洋服やコスメも大好きだけれど、それらより物語を愛する、20代の女性の日記。

可愛いな、と思いながら読んでいた。それから、『深く思索する人だな』とも。

二階堂奥歯さん。

『八本脚の蝶』と題したブログを綴った人。

26歳になる前に、自らの命を断った人。

帯にも裏表紙にも、この本の作者は自殺したと書かれていた。ひたすら悲惨で鬱々した日記なのかな、と書店で最初に見かけた時には思った。

けれど、その美しい青色の表紙や奇妙に幻想的なタイトルに惹かれて、ページをめくる。

澁澤龍彦、の文字を見た。

この人はどうやら、澁澤龍彦が好きらしい。
私と同じだ。私は大学生の頃に澁澤龍彦に図書館で出会った。
世界の暗い秘密を全て知り尽くしたような人(澁澤龍彦を敬愛する人は、高原英理氏の『エイリア綺潭集』をぜひ)に惹かれたらしい、奥歯さんの軌跡を追ってみたくなり、購入。
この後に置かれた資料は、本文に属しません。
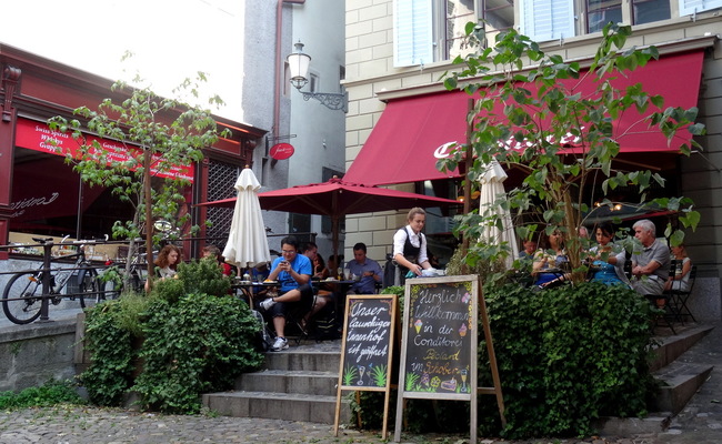 Vào buổi đêm, khu phố cổ càng trở nên náo nhiệt với ánh đèn lấp lánh, lộng lẫy và xa hoa. Khách du lịch Châu Âu có thể tụ tập tại các quán bar, nhà hàng và câu lạc bộ đêm nằm rải rác xung quanh Niederdorfstrasse và Limmatquai.
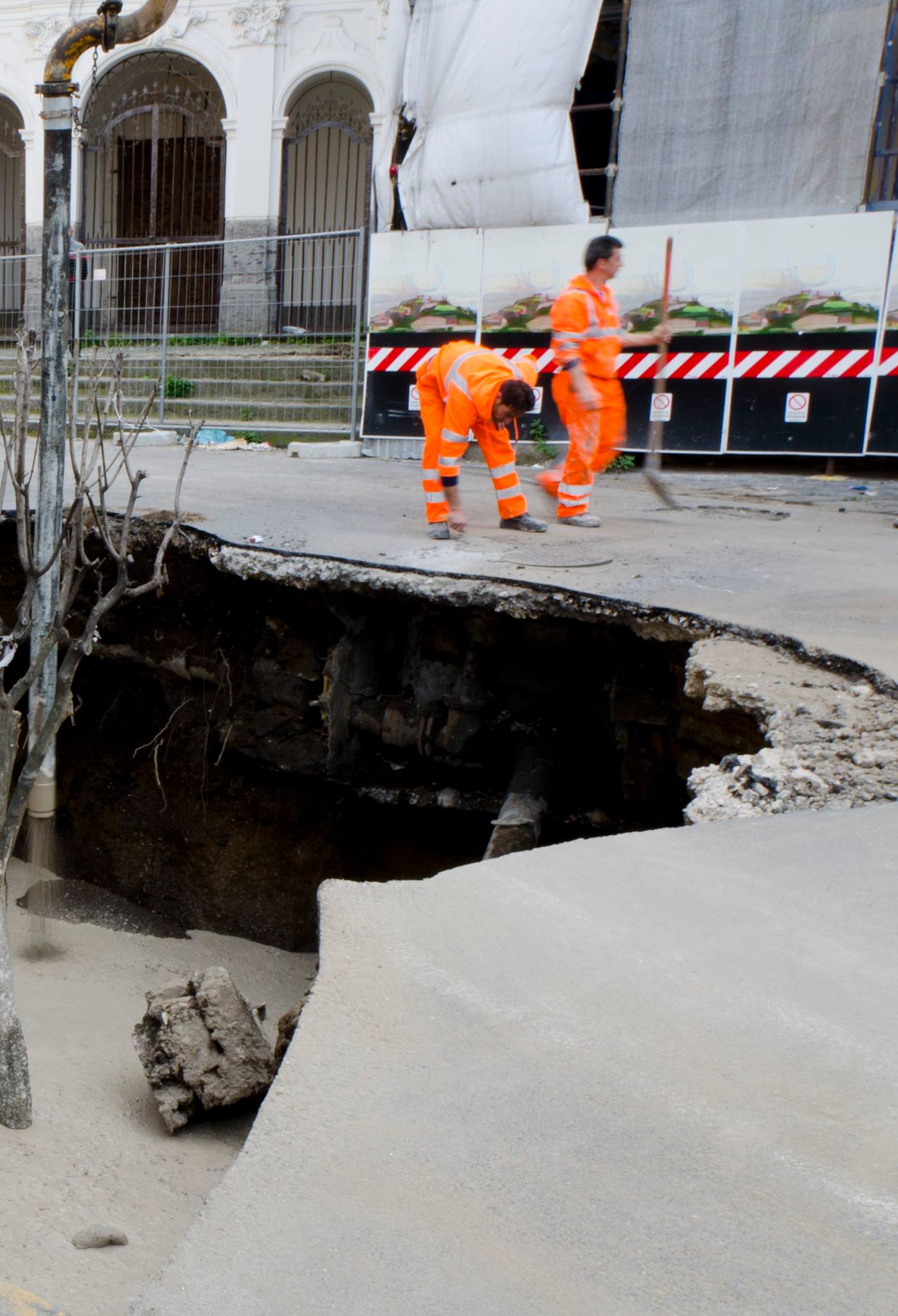 Alle due di ieri pomeriggio sono iniziati i lavori di sistemazione della strada nel tratto finale di via Roma, all’altezza di piazza San Giorgio, pieno centro di Afragola. Qui, nella notte tra domenica e lunedi, si è aperta un’enorme voragine che ha inghiottito un’auto parcheggiata e che ha costretto alcune famiglie a evacuare dalle loro case. Intanto tra un paio di giorni il materiale di riempimento della voragine sarà assorbito completamente dal sottosuolo. A quel punto sarà possibile rifare l’asfalto e consentire la riapertura al traffico. Nel frattempo la circolazione stradale è interdetta per lavori in corso nel tratto che da piazza Castello conduce in piazza San Giorgio, e deviata in via Calvanese nel tratto finale di via Roma in direzione piazza San Giorgio. Non è la prima volta e non sarà nemmeno l’ultima che la zona tra Afragola e Casalnuovo viene colpita dal triste fenomeno delle voragini, improvvisi cedimenti creati dai vuoti lasciati a seguito dell’asportazione del tufo a scopo edilizio. Un’attività che risale ai tempi, ormai lontani, antecedenti all’uso massiccio del calcestruzzo. Resta il fatto che le amministrazioni locali non hanno saputo adottare piani in grado di rendere più sicuri i territori soggetti a questa problematica. In passato alcune voragini hanno causato tragedie di notevole portata.
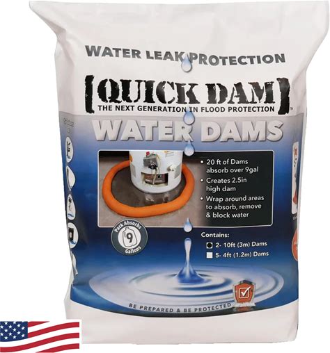 Quick Dam Water Activated 17ft Flood Barriers, Reusable Water Absorbers For Diverting Water, Protects From Rain, Spills, Leaks, Floods & More, 5 Pack

そうして一気読み。その後、何冊か別の書籍を挟んでもう一度読みました。

彼女の日記は、様々な読み方ができる。だからこそ私は短いスパンで再読了したのだ。
 

例えば最近、なにかと話題の『ジェンダー』についての思索を深めるために、彼女の日記を読むことも可能です。

奥歯さんはしっかりと『性』について考えている。この日記は今から十五年以上前に書かれているけれど、彼女の考えが古臭いなんてことは全くない。

むしろ彼女の考えは、多様性を認めると『自称するだけ』の人が目立ってしまう現代でこそ光り輝く。そう思う。
彼女はポルノ小説の名作を愛してはいるが、けれどそれは女性の人権を無視しているわけではない。
あとがきや解説から読む方は高原英理氏、佐藤弓生氏の解説をご一読ください。なんとなく、彼女のジェンダー感に触れられるのじゃないでしょうか。 

また、この日記は彼女という一人の人間を造り上げた『物語』を知ることができるから、読書案内として読むこともできる。物語は続く。彼女を造った物語が、私たちを造る物語になる。

私も年齢の割には読書家で、しかも幅広くもマニアックな本ばかり読んでいる自覚があるが、奥歯さんの読書量、ジャンルの幅広さには驚く。
本の虫、というレベルではないのです。しかも記憶力抜群だ。よく覚えてるなぁ、とひたすら関心してました。

ベスト恋愛小説で森博嗣のS&Mシリーズや鏡花の『外科室』、ワイルドの『サロメ』を挙げていて、この辺りに共感できる人は彼女が語る本の話を全く飽きることなく読むことができるはず。

それから、『日記とかエッセイって苦手』という人へは朗報。
奥歯さんの文章は精緻で幻想的です、その『八本脚の蝶』というタイトル通りの文章。乾いた感じではなく、ほんのり重さを感じますが端正な文なので、『物語』のように、彼女の日記を一気読みしてしまうでしょう。

冒頭でも書いたけれど、奥歯さんは自ら命を絶っている。死の直前の日記は読みながら私も絶望を感じた。やめて、どうして、いや、わかる気はする、そういう結末になってしまうのは、でも、でも、でも。そんな言葉が脳内をぐるぐる回る。

だからこそ私は彼女の言葉を、彼女の物語を、多くの人に読んで欲しい。

美しくて魅力的で賢い先輩に、世界の見方を教えて貰っているみたいだったのだ。

彼女の物語を抱いて、私は今日も本を読み、なにかを創る。